I briefly swapped in the Arc card a couple of weeks ago, and the training notebooks that worked in the previous versions no longer produced usable models. It was the same issue I described here, but it occurred even with the baseline image classification notebook.

I think I tried with Python 3.9, 3.10, and 3.11, and I had the same issue with all of them. I did not have time to investigate, so I held off making a post about it.

Danyal-sab commented 8 months ago

@cj-mills, thanks for your response. Are you going to try with the newest version sometime soon?

cj-mills commented 8 months ago

@Danyal-sab, That was with version 2.1.10+xpu. I don't currently know if the source of the issue is the extension or the oneAPI Base Toolkit (or both).

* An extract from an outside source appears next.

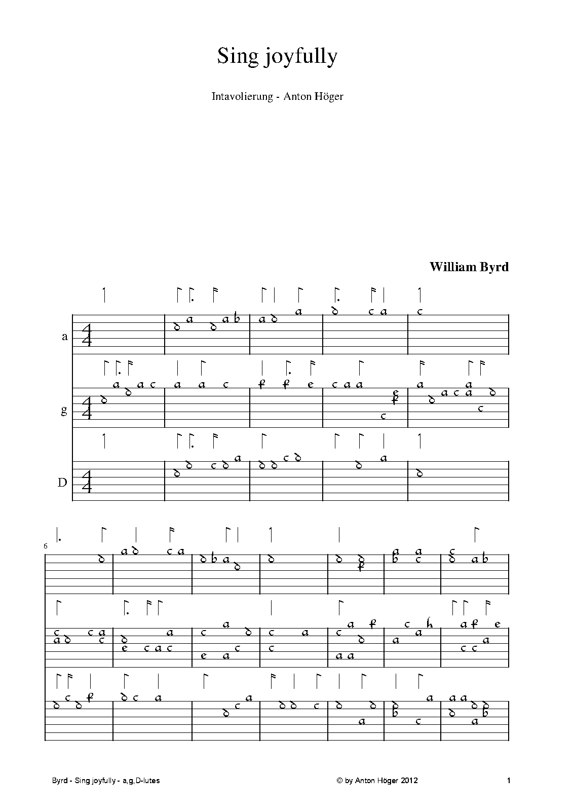Intavolation in french Lute-tabulatur for 3 lutes (a-lute; g-lute; D-lute). If performed I would look forward about a small reference to my efforts.

Danyal-sab commented 8 months ago

@cj-mills, you are right. 2.1.10+xpu doesn't seem to be the stable version yet, as it can seen in the repository recommends 2.0.110+xpu for install. https://github.com/intel/intel-extension-for-pytorch

Danyal-sab commented 8 months ago

@cj-mills, Alright, then. I am still using version 1.13.0a+xpu Do you thing it makes sense for me to move to 2.0.110+xpu? and if so shall I use python 3.10 or 3.11?

contryboy commented 6 months ago

Hi @cj-mills and everone, First of all thanks for the doc. I am able to install everything as mentioned but with latest versions (of oneAPI Base Toolkit and python packages), and run the notebook it is as faster as your example (around 12 minutes). How ever, the accuracy stopped around 0.18 and not improved further even after 3 epochs. I also tried changing following line

model, optimizer = ipex.optimize(model, optimizer=optimizer, dtype=torch.bfloat16) to model, optimizer = ipex.optimize(model, optimizer=optimizer)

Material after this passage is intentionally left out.